Amigas e amigos, companheiras e companheiros,

Estivemos substituindo o nosso pai na presidência da Comissão Provisória Estadual do PDT, a convite da maioria de seus antigos membros, entre os dias 6 de junho e 1º de dezembro de 2011.

A direção nacional do PDT exercida, autoritariamente, pelos senhores Carlos Lupi e Manoel Dias, nos aceitou depois de quase 60 dias da indicação (Eles tinham outros planos para o PDT do Maranhão, que vieram a ser confirmados posteriormente!)

Nesse período, ajudamos a reorganizar o partido em 211 municípios, apesar de todas as adversidades internas estaduais e nacionais. Do conhecido Fundo Partidário Nacional, não recebemos 1 real.

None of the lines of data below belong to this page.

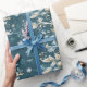 Önskad i fressande anda med denna vackert designade julomslutning papper som har en rik mönster av guld och vit på en djup blå bakgrund, perfekt för helgdag.
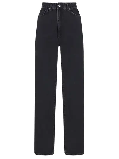 -Черные джинсы из хлопка от ALINE. -Модель прямого кроя с высокой посадкой, поясом со шлевками, прорезными и накладными карманами, застежкой на молнию и пуговицу, нашивкой с логотипом бренда сзади.
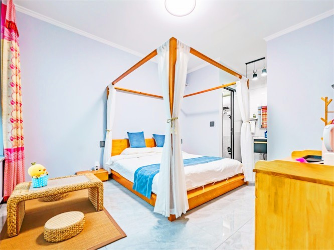 客房以白色为主,简约温馨的风格,客房5间,容纳12人左右住宿,房型大床房,双人间,家庭房,榻榻米等,简单的氛围,十分轻便的家居装饰,颜色素雅的设计风格,受到了很多年轻人的青睐,装修精美住宿体验舒适,床上用品的品质也是一流。
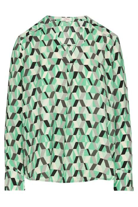 Back part: yoke; Details: pleat; Fit Overall: regular fit; Hem: rounded hem, side slit at hem; Material: viscose blend; Neckline: v neckline; Occasion: casual; Print: all over print; Quality: flowing; Sleeve: cuffs, long sleeves; Style: casual, feminine

As denúncias de corrupção que envolveram o ex-ministro do Trabalho e Emprego e alguns de seus assessores, além da mal fadada viagem realizada ao Maranhão em 2009,    culminaram com a demissão daquele no dia 04 de dezembro de 2011, o que fez com que se voltassem contra nós e a nossa postura ao lado da verdade e esclarecimento dos fatos. Não nos surpreendeu, pois conhecemos a trajetória dos mesmos e o que tem feito ao partido durante todos esses anos após a morte de Leonel Brizola.

Após a decisão de nos tirar da presidência do PDT, apesar de todas as iniciativas que confirmavam o apoio da maioria de nossos companheiros para uma solução que respeitasse a nossa história, impuseram os atuais dirigentes para o seu controle cartorial.

Fiz o que pude para reverter a decisão baseando-me no Estatuto. Contudo, nem responderam às nossas reivindicações de discutir e confirmar a decisão tomada a fim de que fosse discutida por todos os membros da Executiva Nacional. Assim, caso confirmada, teríamos a oportunidade de levar o assunto à última reunião do Diretório Nacional – instância máxima do partido. Mas, como já disse antes, o PDT é deles e, não mais, dos trabalhistas, dos nacionalistas, dos democratas, do povo brasileiro.

Sempre fomos a favor do diálogo pela boa política, a qual coloca um partido político a favor dos interesses da maioria da sociedade, não somente na palavra mas, principalmente, na ação, no exemplo. Foi o que procurei fazer no PDT!

Infelizmente, acontece justamente o contrário.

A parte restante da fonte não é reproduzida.